- Work item:
Begin the copy at the line containing "В преддверии отпускного" in the data below and end it at the line containing "春節(jié)期間,湖北省武", keeping each line exact and leaving out pictures.

- Extracted information:
* * * * * * *
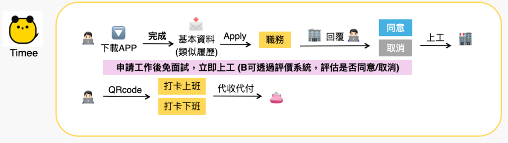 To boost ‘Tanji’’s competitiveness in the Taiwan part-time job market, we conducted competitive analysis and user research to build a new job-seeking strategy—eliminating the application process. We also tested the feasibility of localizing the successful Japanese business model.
* * * * * * *
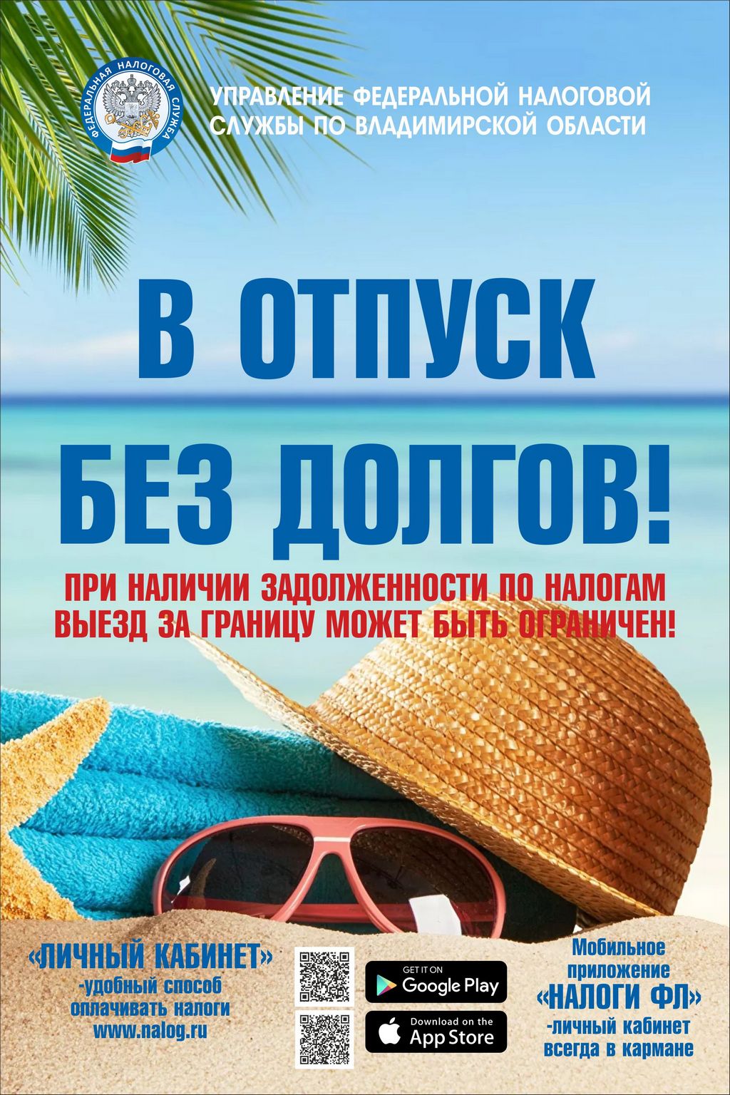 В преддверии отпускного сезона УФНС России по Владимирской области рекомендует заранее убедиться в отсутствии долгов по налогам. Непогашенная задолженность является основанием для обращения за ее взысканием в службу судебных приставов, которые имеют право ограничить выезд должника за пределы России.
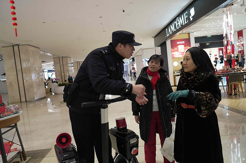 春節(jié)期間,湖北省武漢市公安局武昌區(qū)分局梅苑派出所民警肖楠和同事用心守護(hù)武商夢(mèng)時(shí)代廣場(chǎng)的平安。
* * * * * * *
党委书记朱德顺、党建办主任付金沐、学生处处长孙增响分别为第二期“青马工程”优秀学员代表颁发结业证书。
* * * * * * *
- Answer to the exercise:
 В преддверии отпускного сезона УФНС России по Владимирской области рекомендует заранее убедиться в отсутствии долгов по налогам. Непогашенная задолженность является основанием для обращения за ее взысканием в службу судебных приставов, которые имеют право ограничить выезд должника за пределы России.
 春節(jié)期間,湖北省武漢市公安局武昌區(qū)分局梅苑派出所民警肖楠和同事用心守護(hù)武商夢(mèng)時(shí)代廣場(chǎng)的平安。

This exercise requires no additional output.